07 May, 2009

Salaries – Just How Much Are You Worth?

Regardless of income, job, background or education, nearly everyone thinks they are entitled to more money than they are getting. Salary negotiation, however, has to be based on realistic expectations within the current marketplace and, like investments, ‘what you are worth’ in an employer’s eyes can go up or down.

At one time, trying to get hold of salary information proved quite a difficult task. As employers are wont to pay as little as possible, while still trying to keep their employees reasonably happy, they liked to ‘play their cards close to their chests’ for fear that expectations might rise and their bank balances might suffer. Nowadays, however, it is much easier to find this information because the Internet has effectively empowered employees, who now know where to go to get this information.
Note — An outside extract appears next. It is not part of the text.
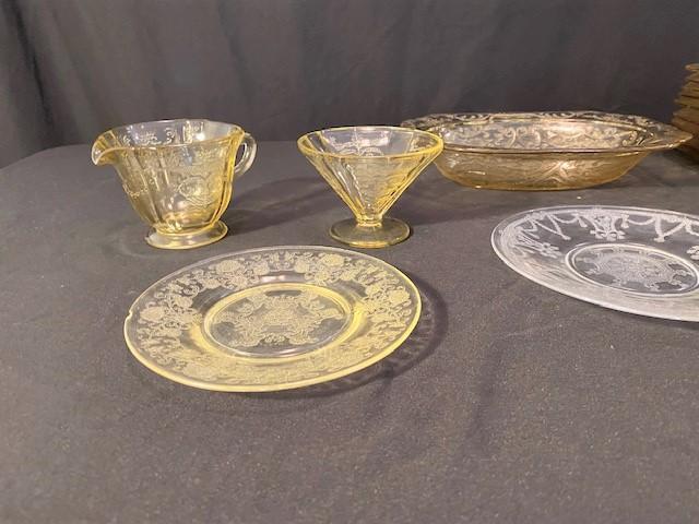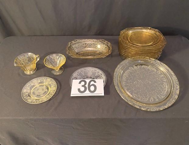 Plates, bowl, creamer & more. Estimated weight of lot: 15lbs. Measurement: 11 1/2"H x 2 1/2"W (largest)

While data naturally varies from site to site, there is a huge range of anything from salary surveys to customized compensation analyses available online. Here are just a few which will help to give you an idea of what others in your line of work are receiving, or what it might be reasonable to expect in a different field.

1. Salary.com allows you to input or select from a range of job titles to find out the US national average for that particular role, such as National Account Manager. Insert your zip code and you can learn what percentage of all National Account Managers is employed in your region, as well as the median salaries for the region. You can even check out the educational levels within a profession and the variation in salaries depending upon the size of the employer. By going a step further, inputting a few straightforward details about your company, industry, job title, pay and performance and education and the site will give you access to your own ‘You vs Market’ Report, as well as providing you with monthly updates on your salary ranges and notifications of any job postings in your area.

2. Payscale.com is another site which provides accurate, real-time reports based on your job title, location, education, skills and experience. It gives you the opportunity to evaluate a job offer or raise, evaluate your salary for your current job or check out the salaries for a job that you may be considering for the future.

3. Indeed.com has a link to its own salaries page, providing the average salaries for jobs according to zip code, as well as historical trends within particular professions.

4. Vault.com holds a comprehensive range of salary surveys on major companies, industries and professions, although it has to be said that when I tried it, many of the links were unavailable and some information is only available to Vault Gold Members.

5. America’s Career InfoNet at www.acinet.org offers salary information on a wide range of occupations, either nationally or by area. There are yearly and hourly wage charts, as well as a 2007 wage table which is useful for comparative purposes, for each occupation.

6. The United States Department of Labor’s Bureau of Labor Statistics provides a wealth of current and historical surveys and statistical data, as well as all that contained within its Occupational Outlook Handbook and Career Guide to Industries.

Of course, especially in a tough economic climate, there may appear to be a huge gulf between what you think you are worth and what employers are willing to pay (see my post dated 20 April concerning how employers are putting the squeeze on workers), but doing your research and going into the marketplace with even a rough idea of what is reasonable is certainly better than completely ‘outpricing’ or undervaluing yourself.

The other thing to remember is that salary ranges are all very well, but the key to maximizing your compensation is about clearly demonstrating the benefits that you can bring to an organization. A well-documented performance which provides a prospective employer with quantitative results and shows him how you solved problems or accomplished tasks is pretty tough to argue with!